Implications of the Research

The outcomes demonstrated inferences for managers and accounting executives. Investment in emerging technologies in firms from developed or emerging economies has an important role to gain SFI to continue in an extremely fluctuating and competitive environment. Firms have access to extremely capable emerging technologies to exploit information and strategic knowledge more efficiently to gain a competitive advantage (Aydiner et al., 2019a; Mikalef & Gupta, 2021; Sushil, 2016; Yoshikuni et al., 2021). However, notes that the imprudent integration of IS infrastructure may not provide the desired strategic benefits to increase competitiveness (Li and Chan, 2019). The reason that the serial mediation by IS-SEM and DMP occurs in the relationship of IS infrastructure integration on SFI is explained by how IS generates business value. Thus, from a practical perspective, IS infrastructure alone is not a “silver bullet,” it is a valuable and sometimes rare IT resource, with zero-order capabilities. But IS can enable tangible and intangible resources (first-order and second-order capabilities) to have decision-making performance, and consequentially IS capabilities produce business value and maintain competitiveness through innovation.

Ongoing investments in evolving emerging technologies push organizations' capabilities to gain competitiveness. This study emphasizes that AIS investments can be prioritized at firms to develop organizational capabilities not only for accounting units employees but for all employees that need decision-making to improve strategic flexibility in innovation. Hence, the responsibilities of executive accountants amplify by the adoption of emerging technologies integrating with other units, it not only focuses on roles within management accounting required, but support organizations with data, information, knowledge, and intelligence to make a better decision to gain innovation. Strategic flexibility is also important for exploiting economies of scale (Sumita & Yoshii, 2013). But leadership has a strong role to play in strategic execution through strategic flexibility (Dhar et al, 2022).

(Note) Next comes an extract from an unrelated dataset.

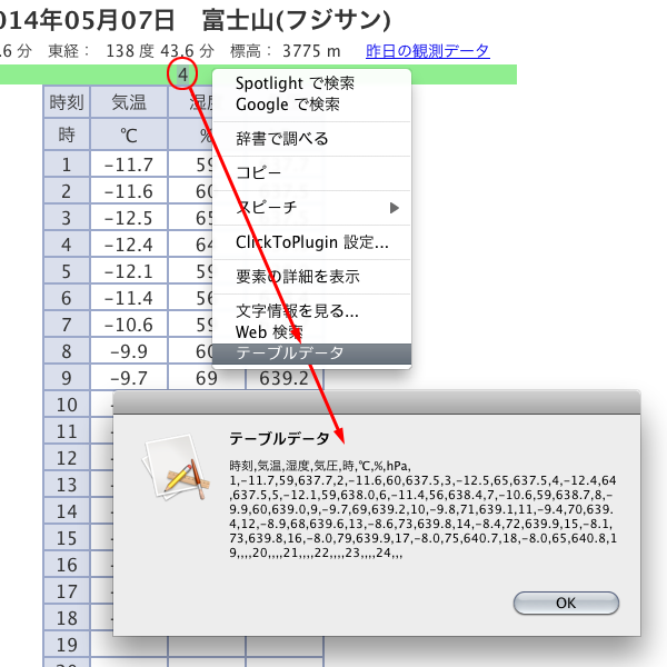 ブラウザ上で選択したテーブルの中身を CSV/TSV で出力...ですが、Camino だと選択部分の HTML ソースが AppleScript で取得できるので、比較的簡単にできそうです。

Limitations and Future Research

The contribution of the study presents significant quantitatively findings through the serial mediation model in the accounting information systems (AIS) field, but there is some limitation that could be investigated in future research. Although Brazil and USA are classified as important countries in the American continent, their cultural, historical, and firm realities might develop obstacles to generalizing these results from a global perspective. Thus, future research could investigate developed and other emerging country firms by other continents or between countries from different continents, allowing comparisons and providing interesting findings. Future empirical research could investigate the longitudinal approach to ascertain the differences before and after the adoption of emerging technologies.

The study emphasized the data, information, knowledge delivery, and system feedback for management accounting by emerging technologies, as recommended by Rikhardsson and Yigitbasioglu (2018). However, there are many relevant themes and research gaps that maintain importance to be investigated in future research, mentioned by the authors (Rikhardsson & Yigitbasioglu, 2018). For example, how IS-enabled SEM practices could support mapping of appropriate visualization techniques to promote competitiveness, backed with empirical evidence; how IS-enabled SEM practices by qualitative methodologies in particular or multiple case studies would be useful to demonstrate push management accounting behaviors to drive firms to competitiveness; what factors could be improved to adopted and use IS-SEM in organizations for various user types and how governance mechanisms of emerging technologies need to be implemented effectively; and last, future research could investigate how data quality influence the strategic benefits of IS-SEM, because it is evident lack of papers in this area (Luftman et al, 2010).